### Exercise directions
All of the data should be reproduced word for word, though its pictures must be omitted.

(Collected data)
*** Begin section ***

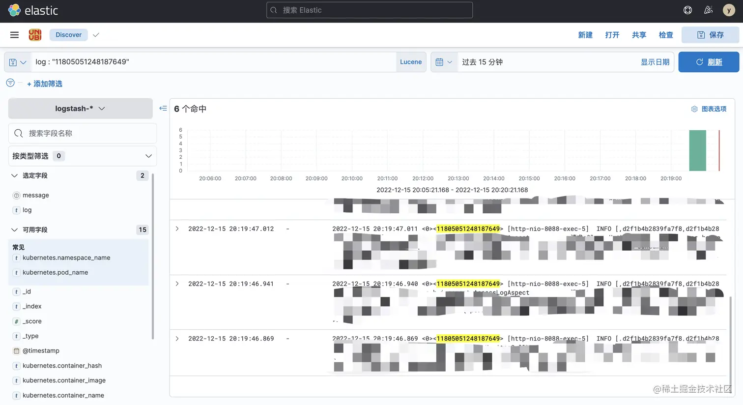 从这可以看出,11794076298070144 就是本次日志输出的时候生成的一个请求的traceId,在排查日志的时候就可以通过这个traceId去搜索出整个请求的链路日志。
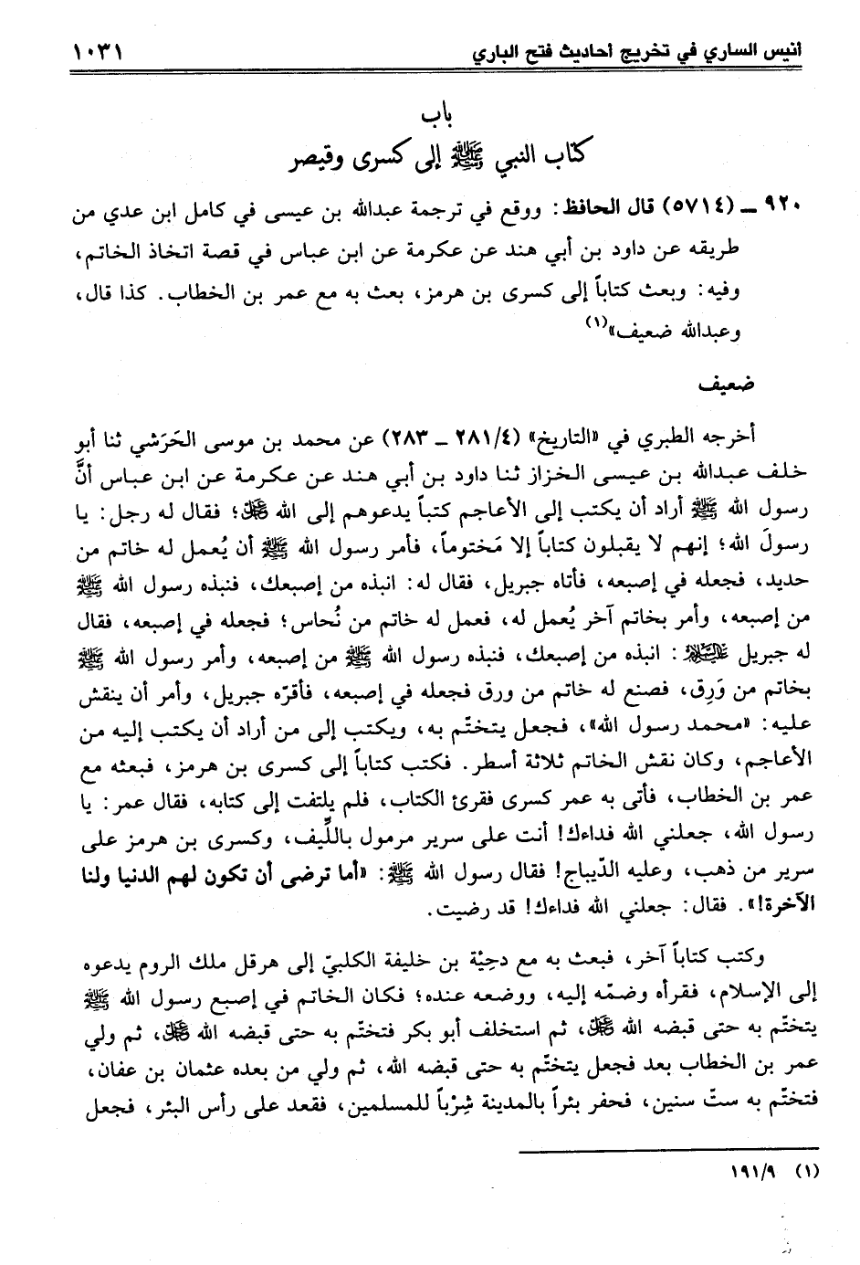 920 - (5714) قال الحافظ: ووقع في ترجمة عبد الله بن عيسى في كامل ابن عدي من طريقه عن داود بن أبي هند عن عكرمة عن ابن عباس في قصة اتخاذ الخاتم، وفيه: وبعث كتاباً إلى كسرى بن هرمز، بعث به مع عمر بن الخطاب. كذا قال، وعبد الله ضعيف" (¬1)
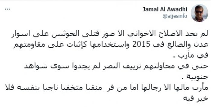 وأكد في تغريدة على حسابه بموقع التدوين المصغر تويتر، اليوم أنه: "لم يجد الإصلاح الاخواني إلا صور قتلى الحوثيين على أسوار عدن والضالع في 2015 واستخدامها كإثبات على مقاومتهم في مأرب".
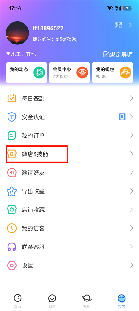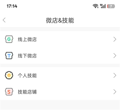 2、在对应功能中找到“微店&技能”;
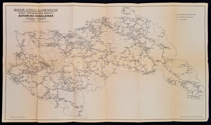 1941 A Magyar Királyi Államvasutak közúti gépkocsiüzem (MÁVAUT) autóbuszvonalainak átnézeti térképe és vasúti hálózati térképe, két oldalas térkép, Magyar Földrajzi Intézet Rt., 58x33 cm

*** End section ***

### Reply to the exercise
 从这可以看出,11794076298070144 就是本次日志输出的时候生成的一个请求的traceId,在排查日志的时候就可以通过这个traceId去搜索出整个请求的链路日志。
 920 - (5714) قال الحافظ: ووقع في ترجمة عبد الله بن عيسى في كامل ابن عدي من طريقه عن داود بن أبي هند عن عكرمة عن ابن عباس في قصة اتخاذ الخاتم، وفيه: وبعث كتاباً إلى كسرى بن هرمز، بعث به مع عمر بن الخطاب. كذا قال، وعبد الله ضعيف" (¬1)
 وأكد في تغريدة على حسابه بموقع التدوين المصغر تويتر، اليوم أنه: "لم يجد الإصلاح الاخواني إلا صور قتلى الحوثيين على أسوار عدن والضالع في 2015 واستخدامها كإثبات على مقاومتهم في مأرب".
 2、在对应功能中找到“微店&技能”;
 1941 A Magyar Királyi Államvasutak közúti gépkocsiüzem (MÁVAUT) autóbuszvonalainak átnézeti térképe és vasúti hálózati térképe, két oldalas térkép, Magyar Földrajzi Intézet Rt., 58x33 cm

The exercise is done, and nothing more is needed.